Failure to Provide Timely Pain Medication Due to Inadequate Pharmacy Coordination
Penalty
Summary
Nursing staff failed to provide a resident with routine and emergency pharmaceutical services as required by physician orders. Specifically, the staff did not ensure timely administration of Lyrica, a pain medication, from 10/10/25 to 10/15/25. The medication was not administered for five consecutive days, and documentation showed either missing initials or notes indicating the medication was pending delivery. During this period, the resident received PRN pain medications, but not the scheduled Lyrica as ordered. The resident had a history of unspecified cirrhosis of the liver and type 2 diabetes, with frequent pain episodes documented in his care plan and MDS assessment. The care plan required staff to administer medications as ordered and notify the physician as needed. Despite these directives, nursing staff did not contact the pharmacy promptly to inquire about the delayed delivery of Lyrica, nor did they consult the resident's primary care provider (PCP) to obtain a one-time order for the medication from the facility's Pyxis system, even though the medication was available in-house.
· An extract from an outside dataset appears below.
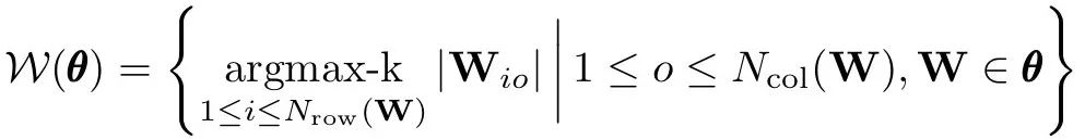 因此,希望找到最优参数θ*,它能令损失函数ε(W(θ*))尽可能小的同时,令|W(θ* )|≤k,即希望保留神经网络中最高数量级的k个权重。一个确定性的实现可以选择最小的|θ|−k个元素,并删除它们。但是如果这些较小的值在训练中变得更重要,那么它们的数值应该是增加的。因此,通过利用targeting proportion γ和删除概率α,将随机性引入到了这个过程中。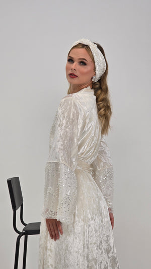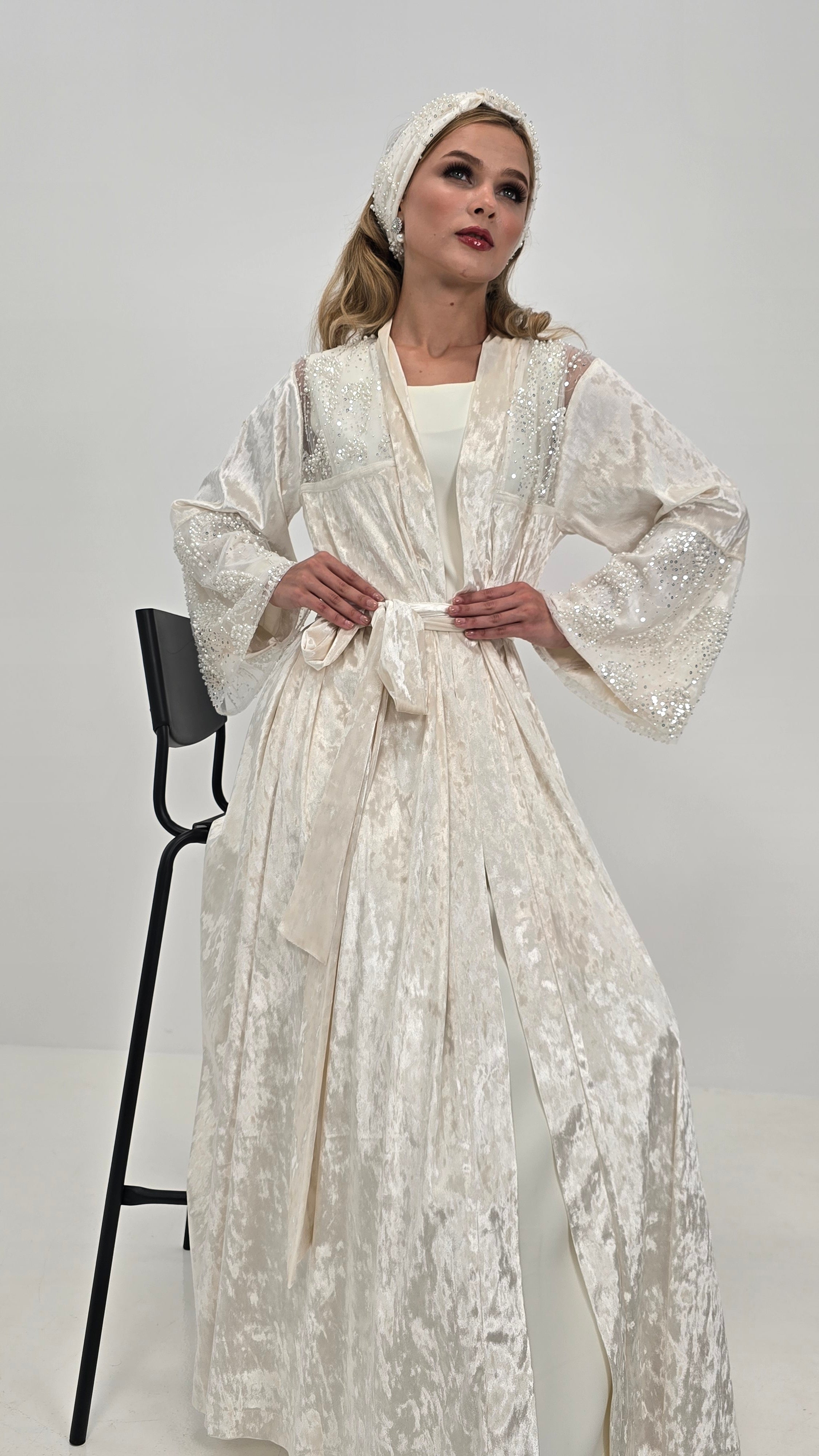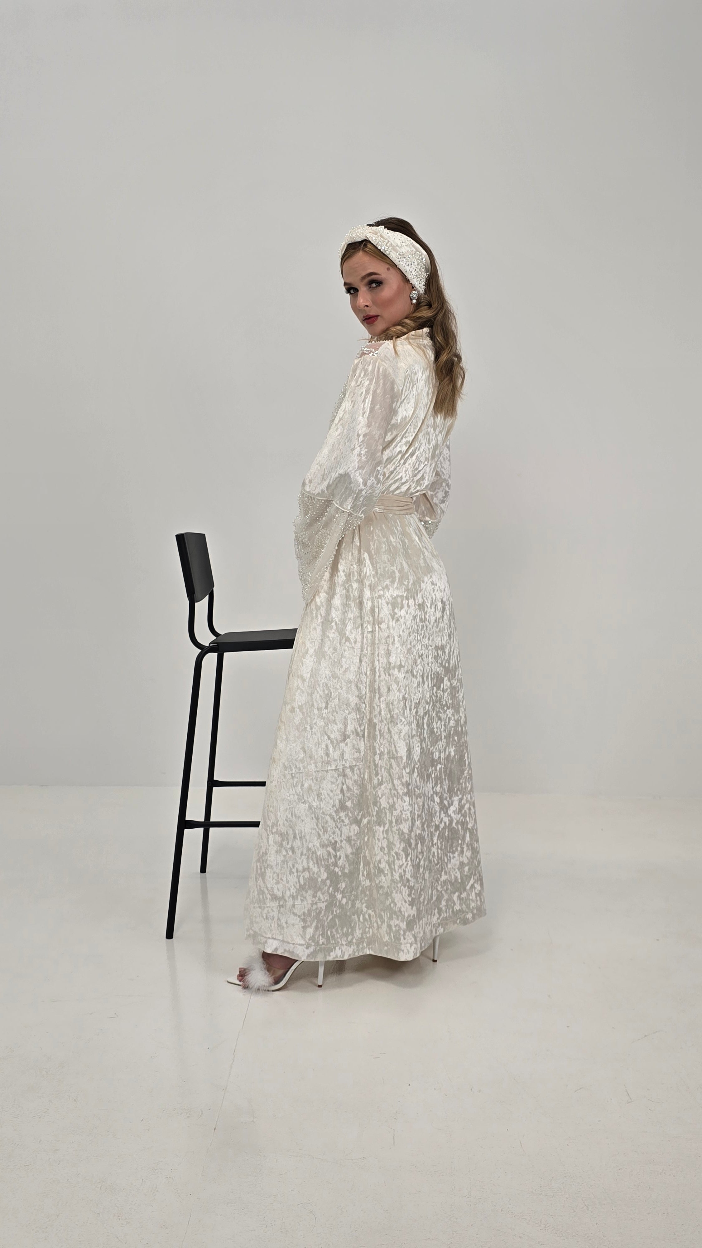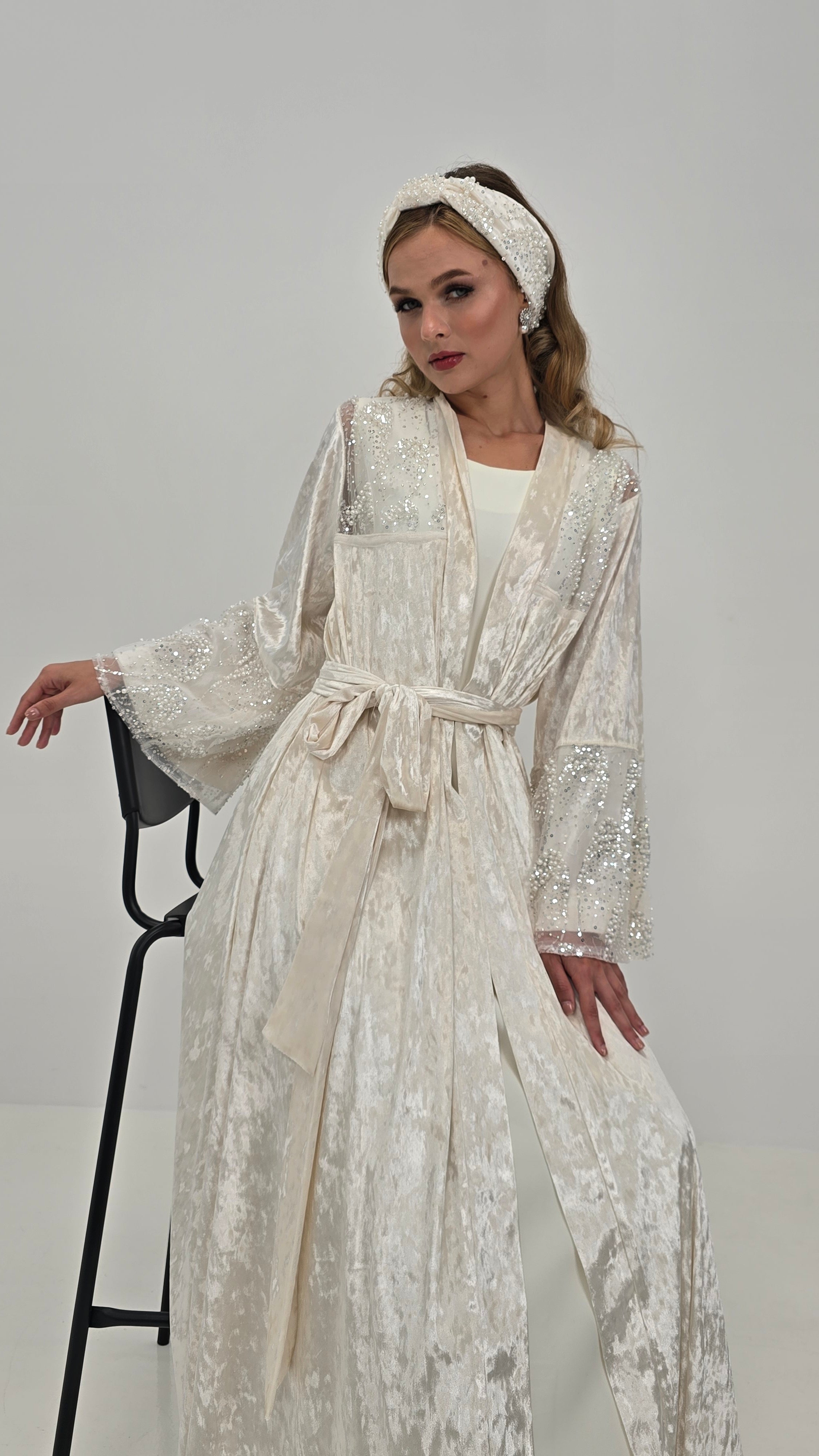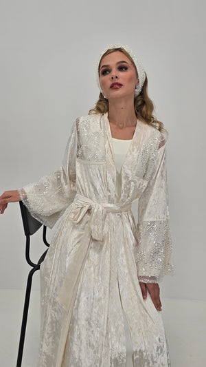 قطعتين روب مخمل معفس باللون الولؤي  مزين بالشك  والداخليةنفنوف حفر كريب مع الهيد بيس مزين بالولو والحزام

Interviews with facility leadership, including the ADON and DON, confirmed that staff did not follow established policies for medication reordering and notification of changes in treatment. Both leaders stated that staff should have reordered medications in advance, followed up with the pharmacy within 24 hours of a missed delivery, and notified the PCP to ensure continuity of care. The nurse responsible for the resident's care acknowledged not considering obtaining the medication from the Pyxis or contacting the PCP, resulting in the resident not receiving prescribed pain management for several days.